---- Excerpted records

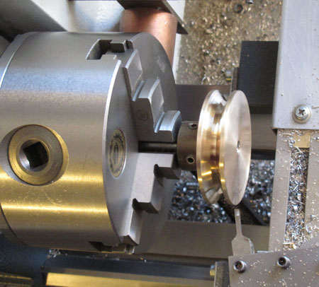 (Foto anklicken) Das Riemenrad für den Antriebsmotor wird
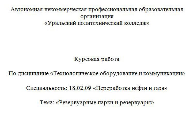 Готовая курсовая работа на тему "Резервуарные парки и резервуары". Выполнен по всем требованиям норм контроля учебного заведения,
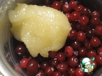А в это время готовим кисло-сладкий клюквенный соус. С отлитого «сока» от утки снимаем сверху жир. Его будет примерно половина от «сока». |
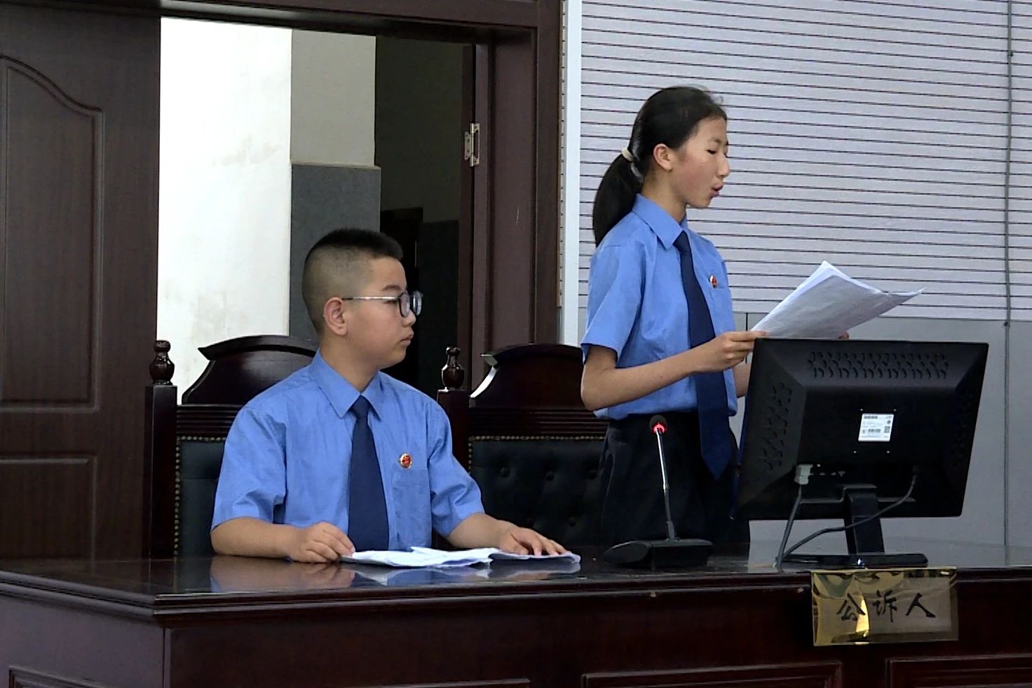“報告審判長,法庭準(zhǔn)備工作就緒,可以開庭。”
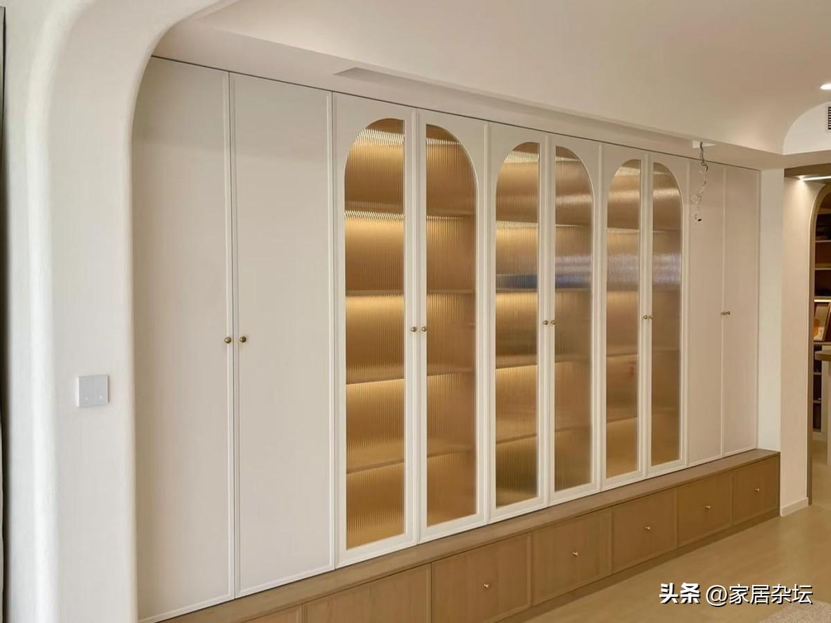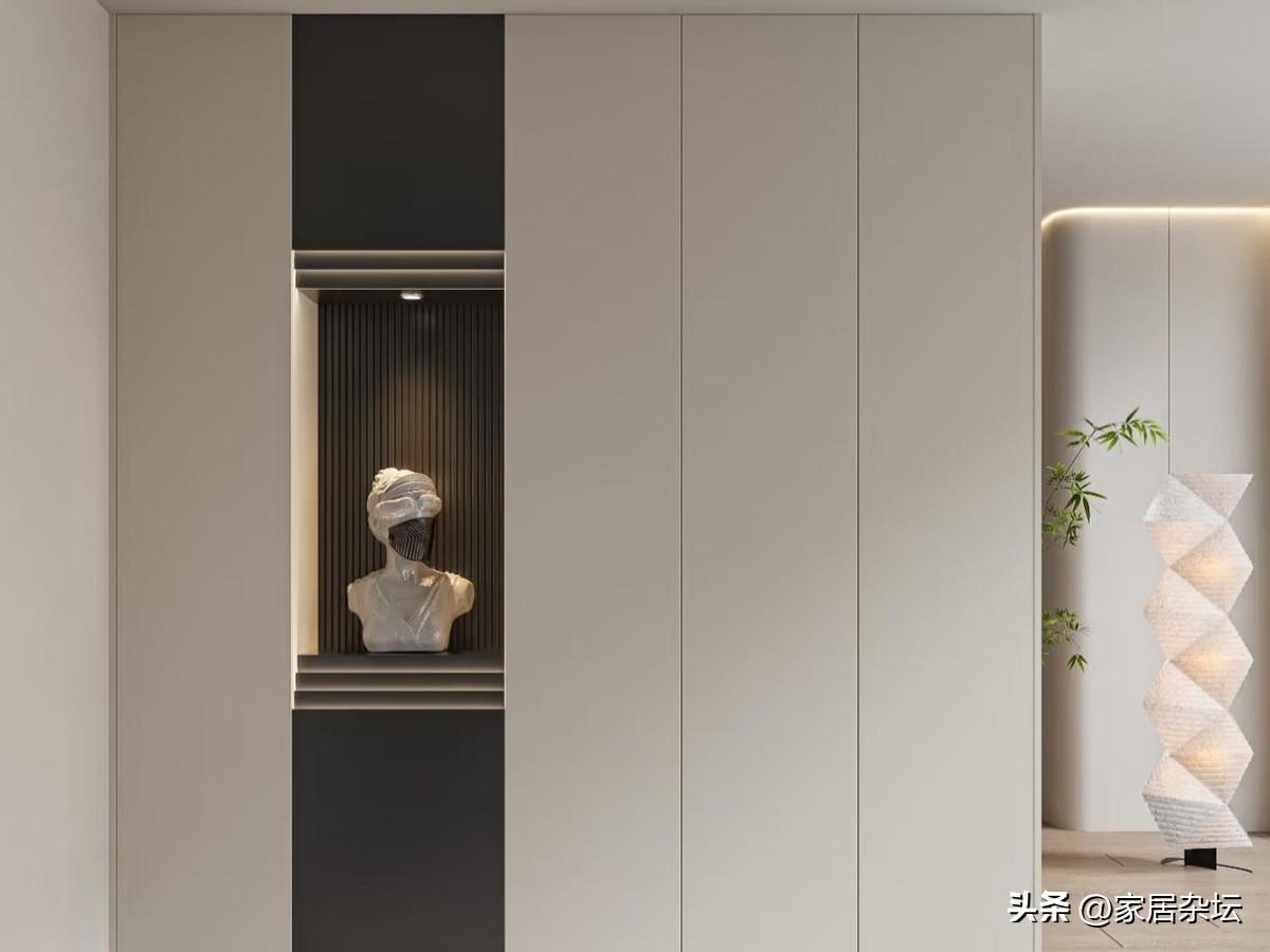 要注意內襯色彩,開放的背板,刷上與櫃門不同的跳色,或者使用木色巖板等不同材質,增強設計層次。另外,在內部嵌入燈帶,能極大提升櫃體的顏值和高級感。
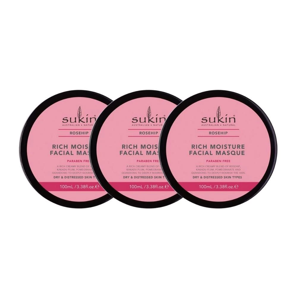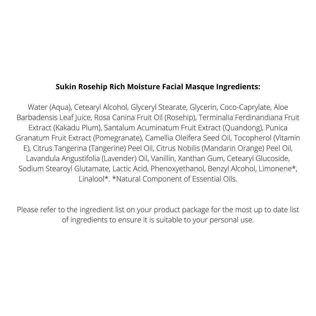 Sukins cream-based masque is richly hydrating with Rosehip, Kakadu Plum and Quandong to support even the driest of skin types. Formulated with Vitamin E, Aloe Vera, and Pomegranate to nourish and restore skin vitality.
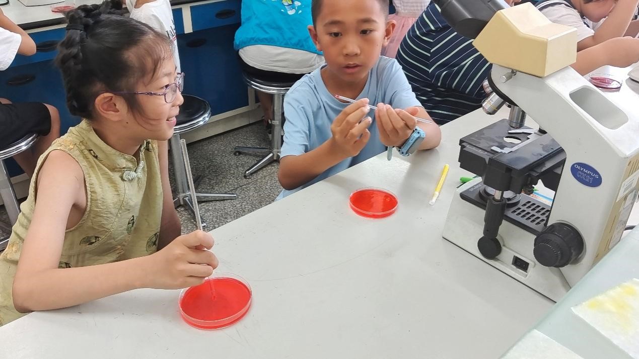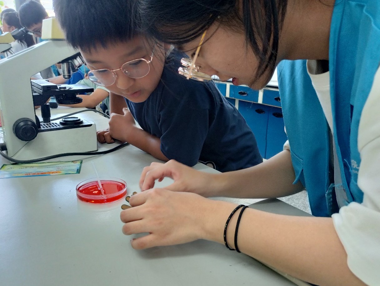 在團隊成員的指導下,小朋友們體驗了三個小實驗,分別為顏料擴散實驗、粗細不同的毛細管吸水實驗、顯微鏡觀察植物根莖中的導管和篩管實驗。
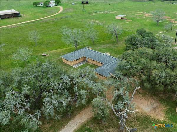 Sitting on 6.87 acres just west of US 77, this 3-bedroom, 2 bath ranch style home is located on a paved road in a great area between Schulenburg and Hallettsville. Featuring 2,240 SF, the home has an open living concept, wood floors, fireplace, granite countertops throughout and walk-in closets. The back patio is a perfect place to enjoy your morning coffee and watch the sunrise! This spacious acreage is completely fenced with an Ag Valuation in place, 2 acres are cross-fenced for livestock, with a small barn/shed and pens, perfect for FFA and 4-H projects and show animals. Surrounding the house are several century live oaks and pecan trees providing shade and tranquility. Ideally positioned just 10 minutes from Hallettsville and 15 minutes from I-10 in Schulenburg, these communities feature dining, shopping, and small-town community activities that are the foundation of country living! Come take a look at and start living the country life!
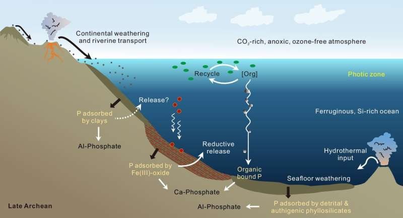 Ilustración del ciclo P revisado en la Tierra Arcaica. Crédito: Nature Communications (2026). DOI: 10.1038/s41467-026-69293-4
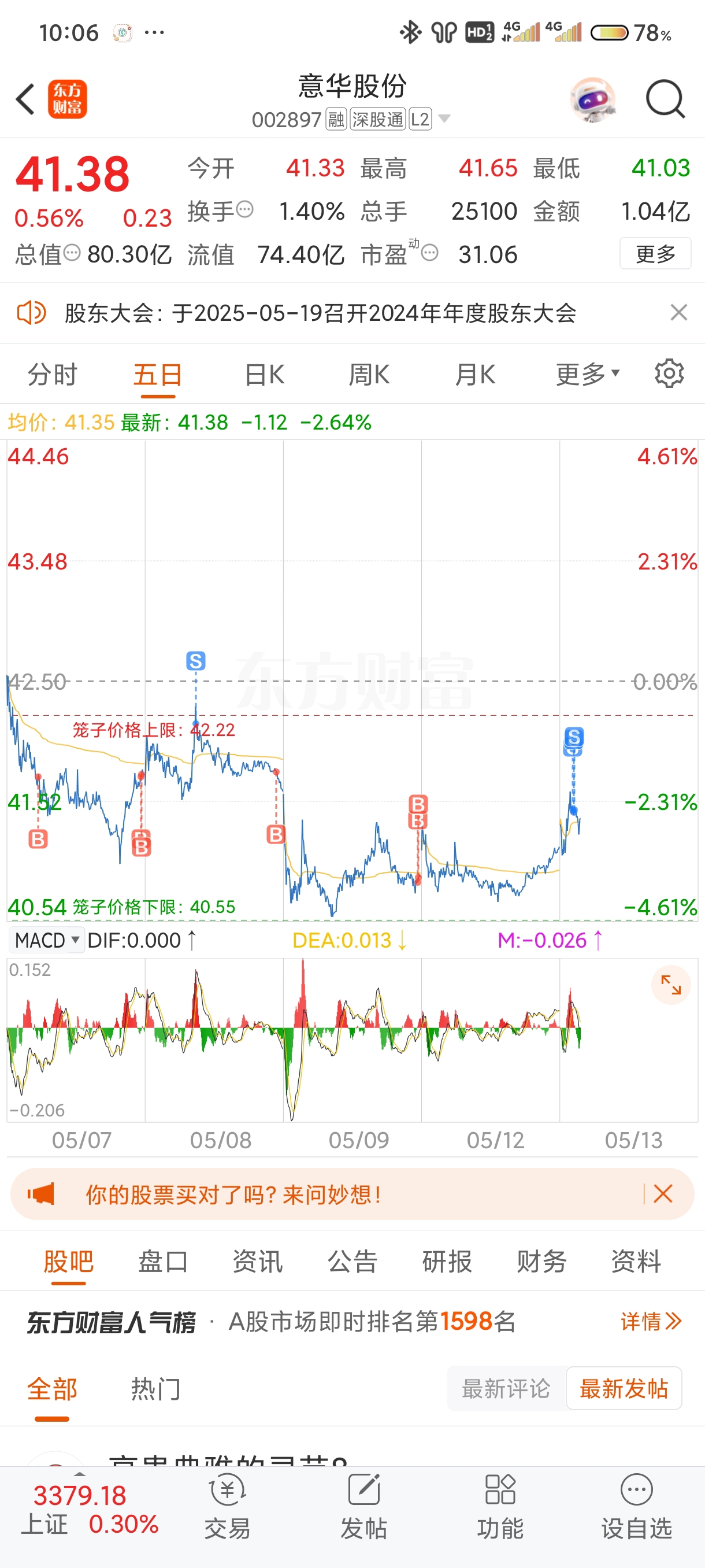 $意华股份(SZ002897)$ 这两天做t的幅度越来越小了,想格局又怕被砸,光伏4个点了都不拉,一旦回调更别说了,不赌它拉上去了,大不了踏空,5月8号尾盘建仓到5月13号拉高卖出,获利600,外面捡钱行情,这里乞讨行情

--------

Directions for this task
Copy exactly the lines from the line that has "要注意內襯色彩,開放的背板,刷上與櫃門不" through the last line of the entries above, inclusive, and no others. Pictures do not go in the copy.

Task response
 要注意內襯色彩,開放的背板,刷上與櫃門不同的跳色,或者使用木色巖板等不同材質,增強設計層次。另外,在內部嵌入燈帶,能極大提升櫃體的顏值和高級感。
 Sukins cream-based masque is richly hydrating with Rosehip, Kakadu Plum and Quandong to support even the driest of skin types. Formulated with Vitamin E, Aloe Vera, and Pomegranate to nourish and restore skin vitality.
 在團隊成員的指導下,小朋友們體驗了三個小實驗,分別為顏料擴散實驗、粗細不同的毛細管吸水實驗、顯微鏡觀察植物根莖中的導管和篩管實驗。
 Sitting on 6.87 acres just west of US 77, this 3-bedroom, 2 bath ranch style home is located on a paved road in a great area between Schulenburg and Hallettsville. Featuring 2,240 SF, the home has an open living concept, wood floors, fireplace, granite countertops throughout and walk-in closets. The back patio is a perfect place to enjoy your morning coffee and watch the sunrise! This spacious acreage is completely fenced with an Ag Valuation in place, 2 acres are cross-fenced for livestock, with a small barn/shed and pens, perfect for FFA and 4-H projects and show animals. Surrounding the house are several century live oaks and pecan trees providing shade and tranquility. Ideally positioned just 10 minutes from Hallettsville and 15 minutes from I-10 in Schulenburg, these communities feature dining, shopping, and small-town community activities that are the foundation of country living! Come take a look at and start living the country life!
 Ilustración del ciclo P revisado en la Tierra Arcaica. Crédito: Nature Communications (2026). DOI: 10.1038/s41467-026-69293-4
 $意华股份(SZ002897)$ 这两天做t的幅度越来越小了,想格局又怕被砸,光伏4个点了都不拉,一旦回调更别说了,不赌它拉上去了,大不了踏空,5月8号尾盘建仓到5月13号拉高卖出,获利600,外面捡钱行情,这里乞讨行情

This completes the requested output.